When people think about application security in a large organization, big tech companies like Adobe, Cisco, Microsoft, and HPE often come to mind. These companies appear to have cracked the code on how to add security to the software development lifecycle (SDLC). They incorporate secure SDLC (S-SDLC), a series of steps and activities designed to eliminate as many threats and vulnerabilities from a product or application as possible prior to shipment or deployment.

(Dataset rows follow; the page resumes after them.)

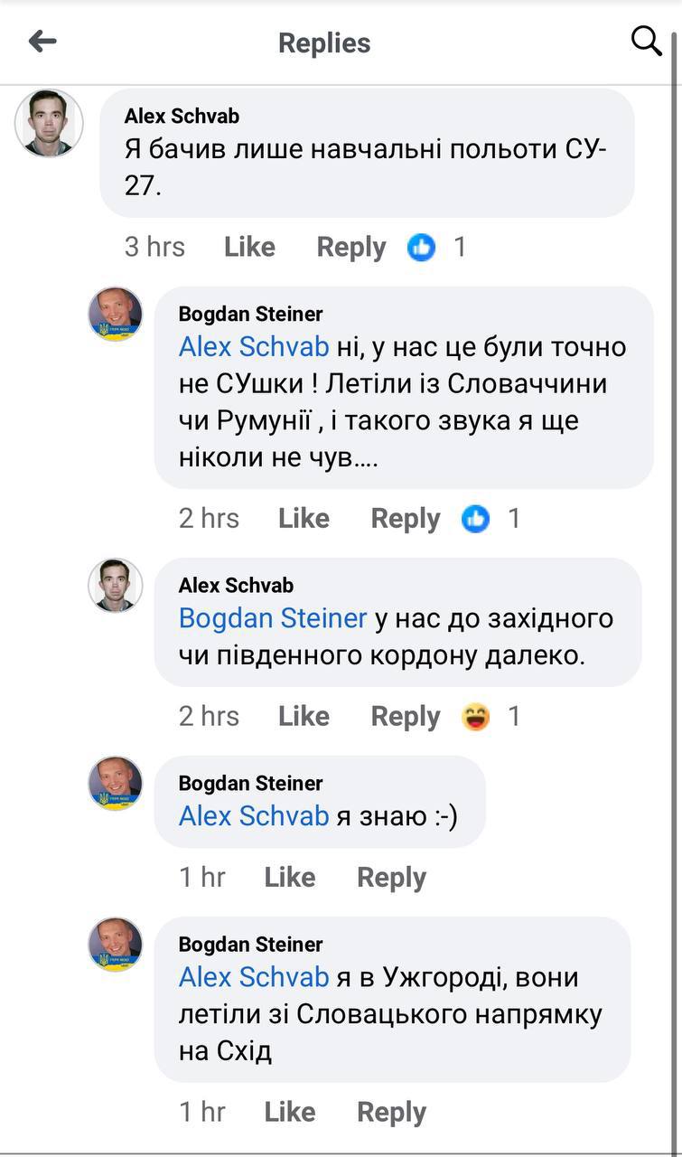 "Сегодня первые F-16 пролетели у меня над головой на восток", – написал в соцсети житель Закарпатья Богдан Штайнер.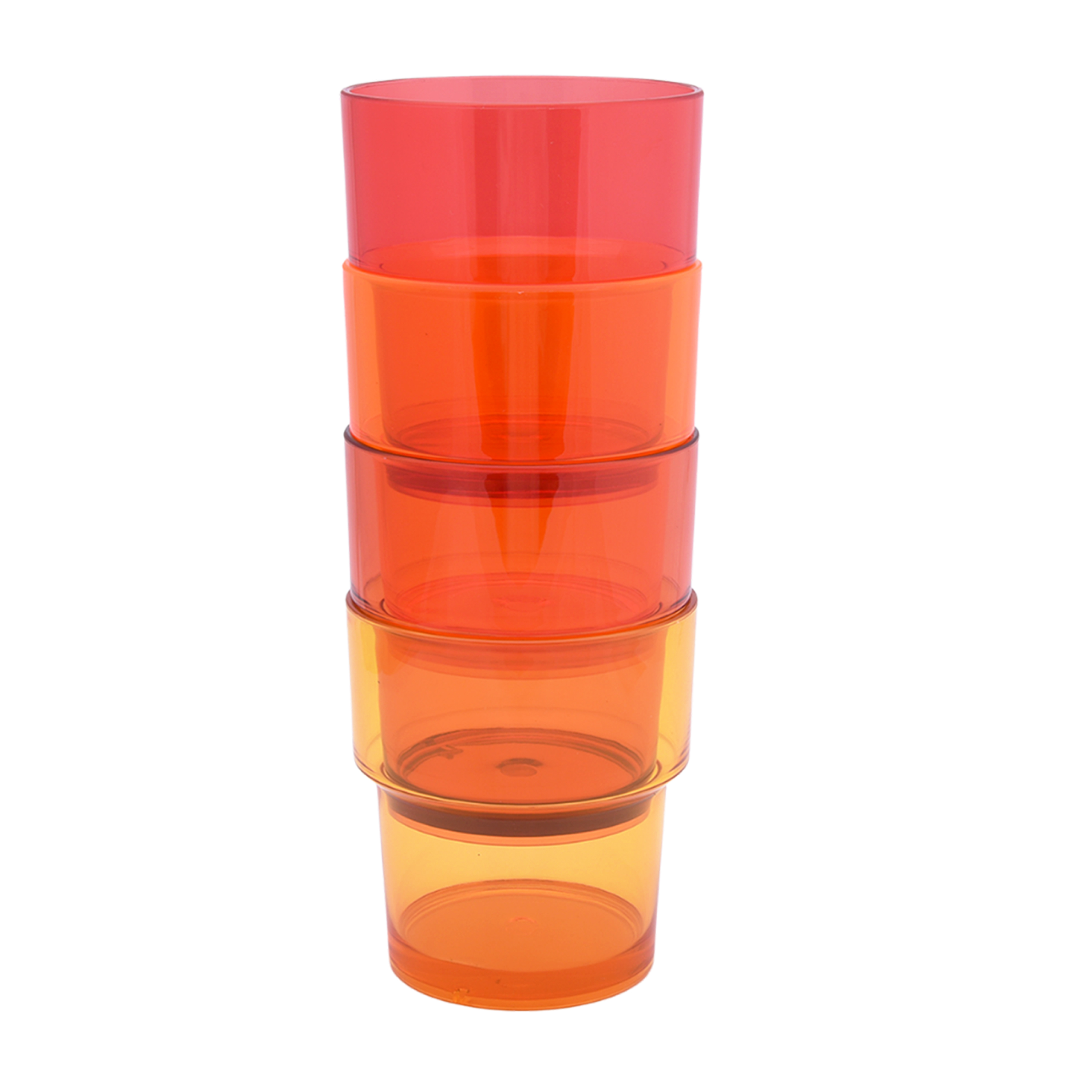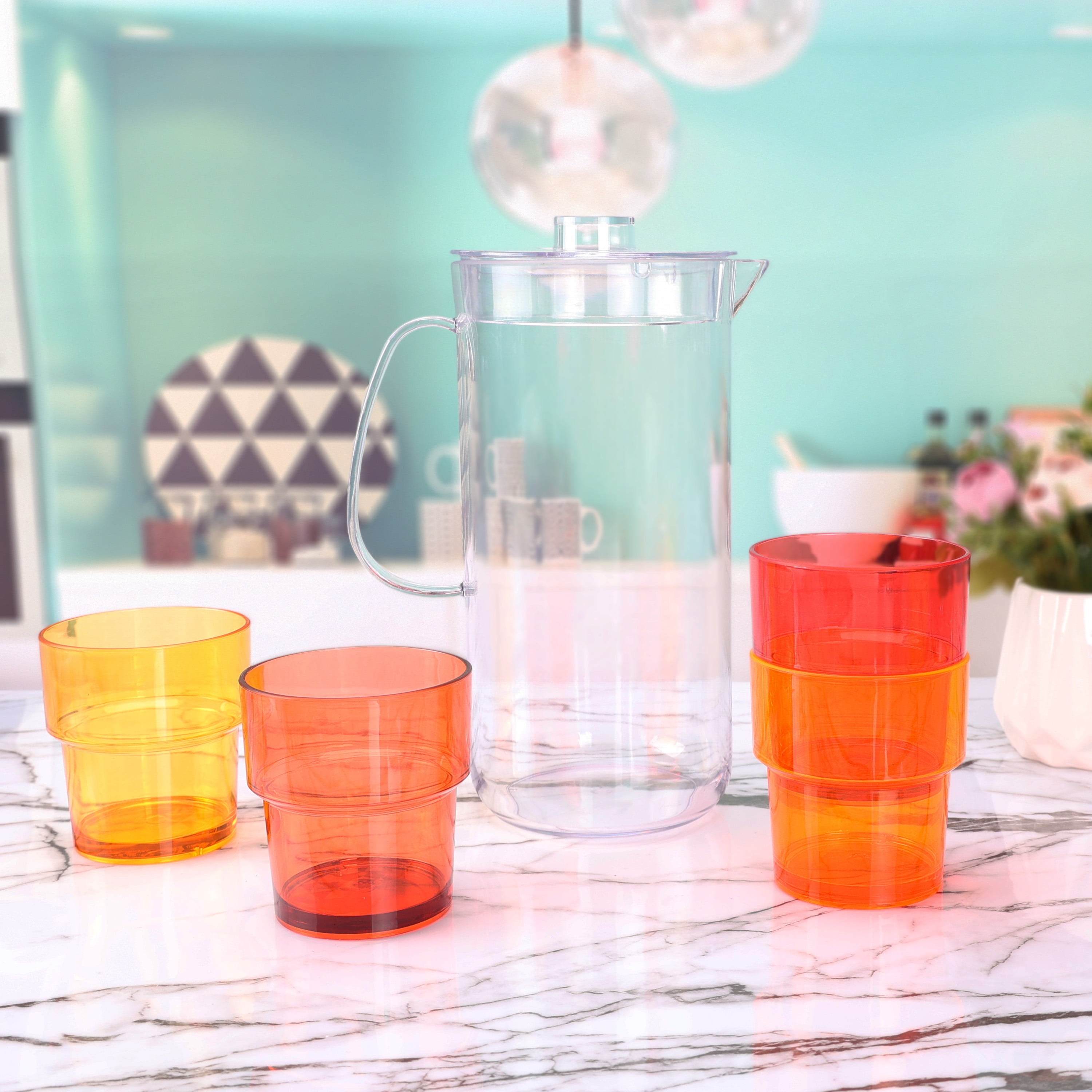 Serve your guests and family with a touch of style with this 4 pack Orange Stackable Tumbler Pitcher set. This pitcher and tumbler set are great for use on the patio, Summer parties, or everyday use. This item gives a unique style and texture with the durability and convenience. Add style to your drink or barware collection with the 14-ounce Tumblers and 3-Quart Pitcher. Made from durable Acrylic plastic, this pitcher and tumbler set is sure to impress while you’re entertaining or in everyday life. This 3-quart pitcher and 14-ounce tumblers are made from durable acrylic plastic that is shatter and impact resistant, making it ideal for family gatherings indoors or out. The glossy finish makes the Summer colors stand out. Add these unique pitcher and tumblers to your Summer collection today!
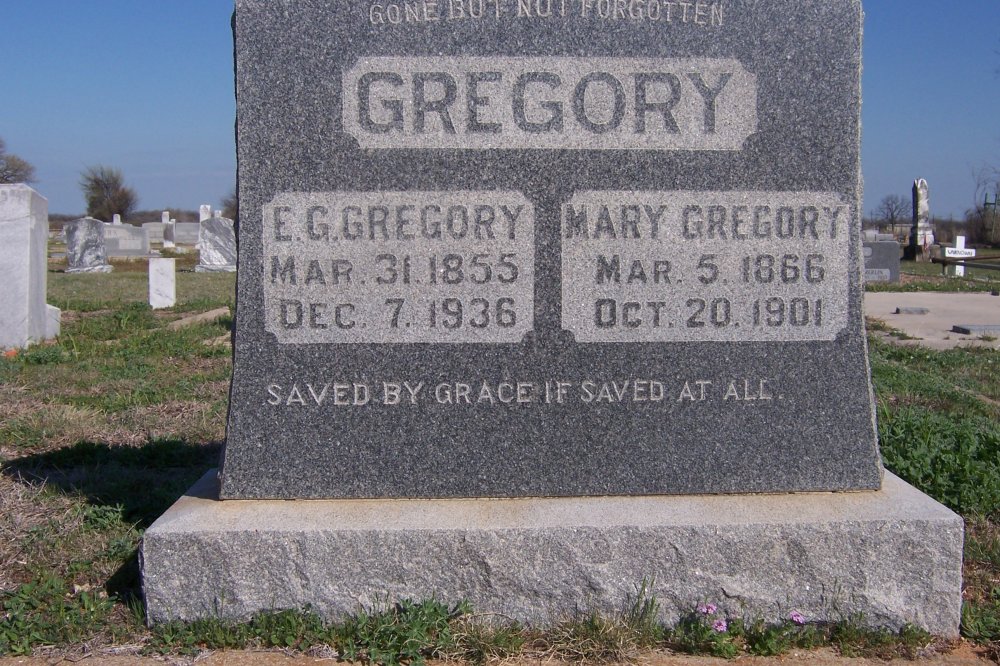 GREGORY Geneology - Elija G. and Mary Gregory - Tombstone

And they are vocal about their security programs, providing relevant details about security processes on their websites.
When it comes to healthcare and financial services companies, however, a lack of information might lead you to conclude that these sectors don't have a robust S-SDLC. But if you jumped to that conclusion, you'd be dead wrong.
There is an important distinction between tech and healthcare and financial companies, however. For a technology company, the product it's trying to secure is the primary thing it sells. For healthcare and financial organizations, technology plays a supporting role in their businesses, but their security need is more focused on the data that is captured in the delivery of their non-technology services—helping make people well and handling money transactions.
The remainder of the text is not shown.